The governor of Ohio is the head of government of Ohio and the commander-in-chief of the U.S. state's military forces. The officeholder has a duty to enforce state laws, the power to either approve or veto bills passed by the Ohio General Assembly, the power to convene the legislature and the power to grant pardons, except in cases of treason and impeachment.

There have been 64 governors of Ohio, serving 70 distinct terms. The longest term was held by Jim Rhodes, who was elected four times and served just under sixteen years in two non-consecutive periods of two terms each (1963–1971 and 1975–1983). The shortest terms were held by John William Brown and Nancy Hollister, who each served for only 11 days after the governors preceding them resigned in order to begin the terms to which they had been elected in the United States Senate; the shortest-serving elected governor was John M. Pattison, who died in office five months into his term. The current governor is Republican Mike DeWine, who took office on January 14, 2019.

Qualifications
 
To become governor of Ohio, a candidate must be a qualified elector in the state. This means that any candidate for governor must be at least 18 years old at the time of election, a resident of Ohio for at least 30 days before the election, and a U.S. citizen. Convicted felons and those deemed by the courts as incompetent to vote are not eligible. There is a term limit of two consecutive terms as governor.

Powers
The governor is the commander-in-chief of the state's military forces. The governor has a duty to enforce state laws; the power to either approve or veto bills passed by the Ohio State Legislature; the power to convene the legislature; and the power to grant pardons, except in cases of treason and impeachment.

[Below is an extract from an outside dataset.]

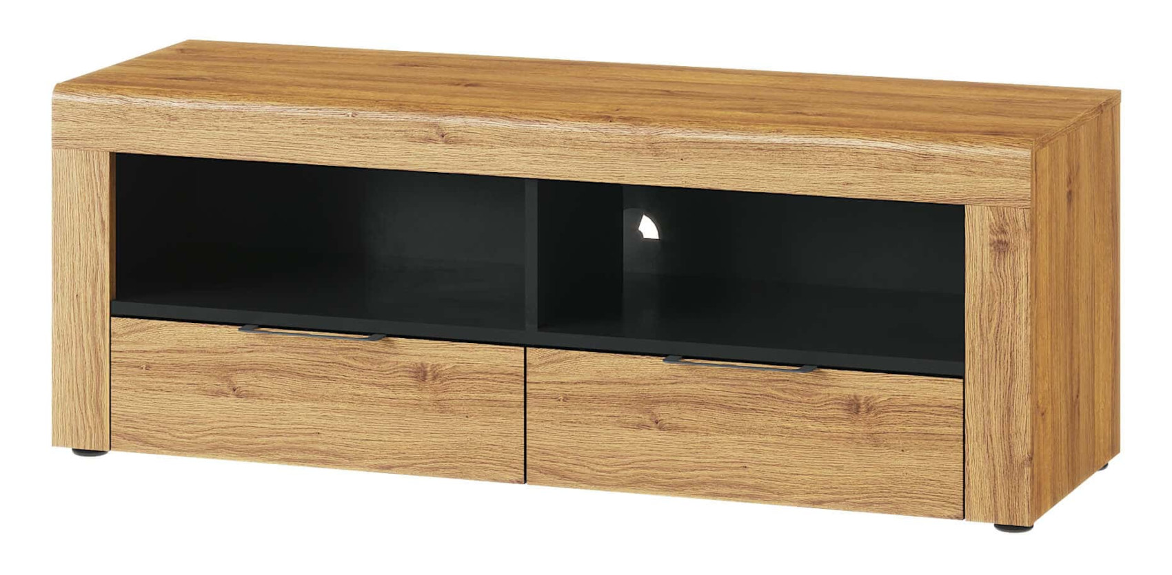 Moderní RTV stolek Kama 24 vás zaujme svým prostým designem s viditelnou strukturou dřevěných lét. Je vyroben z lamina potaženého fólii, která navodí dojem přírodního dřeva. Jedinečným prvkem jsou matně černé lakované detaily s úchyty. Zásuvky mají systém tichého dovírání.

Other duties and privileges of the office include:

 Executing all laws and requiring written information on any office from the head of that office  
 Making an annual address to the General Assembly, with recommendation for legislation  
 Convening extraordinary sessions of the legislature with limited purposes  
 Adjourning the legislature when the two chambers cannot agree to do so themselves, not to include the privilege of adjourning the legislature past the sine die set for the regular session  
 Keeping and using "The Great Seal of the State of Ohio"  
 Signing and sealing all commissions granted in the name of the state of Ohio  
 Nominating, in the event of a vacancy in the Lieutenant Governor's office, a new officer, subject to a confirmatory vote of both chambers of the legislature  
 Making vacancy appointments for all "key state officers" (the Auditor, the Treasurer, the Secretary of State, and the Attorney General. Such appointments are for the remainder of the term when the next general election is less than 40 days away and until the next general election otherwise  
 Accepting a report from the head of each executive department at least once a year, not later than five days before the regular session of the legislature convenes, and including the substance of those reports in the annual address to the legislature  
 Making all appointments not otherwise provided for, with the advice and consent of the Senate, unless the Senate refuses to act, in which case the Governor's appointee takes offices by default

Succession

Should the office of governor become vacant due to death, resignation, or conviction of impeachment, the lieutenant governor assumes the title of governor. Should the office of lieutenant governor also become vacant, the president of the senate becomes the acting governor. If the vacancy of both offices took place during the first twenty months of the term, a special election is to be held on the next even-numbered year to elect new officers to serve out the current term. Prior to 1851, the speaker of the senate acted as governor for the term. Since 1978, the governor and lieutenant governor have been elected on the same ticket; prior to then, they could be (and often were) members of different parties.

Governors

Governors of Northwest Territory
Initially after the American Revolution, parts of the area now known as Ohio were claimed by New York, Virginia, and Connecticut; however, New York ceded its claim in 1782, Virginia in 1784, and Connecticut in 1786, though it maintained its Western Reserve in the area until 1800. On July 13, 1787, the Northwest Territory was formed. As territories were split from it, one of them eventually came to represent the area of present-day Ohio.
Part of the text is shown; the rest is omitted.